Подобрали, и опять заговорили орудия, опять нечеловеческий грохот сотрясает степь, небо и тяжко отдается в груди и мозгу.
Рвутся в синеве чугунно-свинцовые осколки. Живые сидят и ходят с открытыми ртами - легче ушам; мертвые неподвижно ждут, когда унесут в тыл.
Тают патроны, пустеют зарядные ящики. Не двигается Кожух, не слыхать подходящих колонн. Созывает совещание, не хочет брать на себя: остаться - всем погибнуть; пробиться - задним колоннам погибнуть. 35
Далеко в тылу, где бескрайно по степи повозки, лошади, старики, дети, раненые, говор, гомон, - засинели сумерки. Засинели сумерки, засинели дымки от костров, как это каждый вечер.
Нужды нет, что это десятка за полтора верст, за далеким краем степи, а земля целый день поминутно тяжело вздрагивает под ногами от далекого грохота; вот и сейчас... да привыкли, не замечают.

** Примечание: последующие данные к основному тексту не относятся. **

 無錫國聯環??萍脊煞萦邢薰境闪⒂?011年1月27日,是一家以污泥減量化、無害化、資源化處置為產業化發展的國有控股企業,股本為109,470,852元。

Синеют сумерки, синеют дымки, синеет далекий лес. А между лесом и повозками синеет поле, пустынное, затаенное.
Говор, лязг, голоса животных, звук ведер, детский плач и бесчисленно краснеющие пятна костров.
В эту домашность, в эту мирную смутность долетело, родившись в лесу, такое чуждое, далекое в своей чуждости.

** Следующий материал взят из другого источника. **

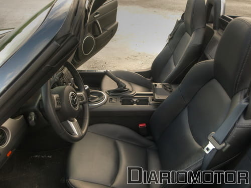 El interior del MX-5 no aporta un extra sobre el estilo de calidad de los Mazda en general, con un vistazo rápido sin conocer el coche se sabe la marca de procedencia. En el acabado Sportive el cuero es de serie para el tapizado de los asientos, que tienen en su esencia un intento de deportivos. El volante y la palanca de cambios también se visten de piel con una calidad que podríamos sentenciar como correcta.

Сначала потянулось отдаленное: а-а-а-а!.. оттуда, из мути сумерек, из мути леса: а-а-а-а!..
Потом зачернелось, отделившись от леса, - сгусток, другой, третий... И черные тени развернулись, слились вдоль всего леса в черную колеблющуюся полосу, и покатилась она к лагерю, вырастая, и покатилось с нею, вырастая, все то же, полное смертельной тоски: аа-а-а!..
Все головы, сколько их ни было, - и людей и животных, - повернулись туда, к смутному лесу, от которого катилась на лагерь неровная полоса, и по ней мгновенно вспыхивали и никли узкие взблески.
Головы были повернуты, костры краснели пятнами.
И все услышали: земля вся, в самой утробе своей, тяжело наполнилась конским топотом, и заглушились вздрагивающие далекие орудийные удары.
...А-а-аа!..
Между колесами, оглоблями, кострами заметались голоса, полные обреченности:
- Козаки!.. козаки!.. ко-за-а-ки-и!..
Лошади перестали жевать, навострили уши, отку да-то приставшие собаки забились под повозки.
Никто не бежал, не спасался; все непрерывно смотрели в сгустившиеся сумерки, в которых катилась черная лавина.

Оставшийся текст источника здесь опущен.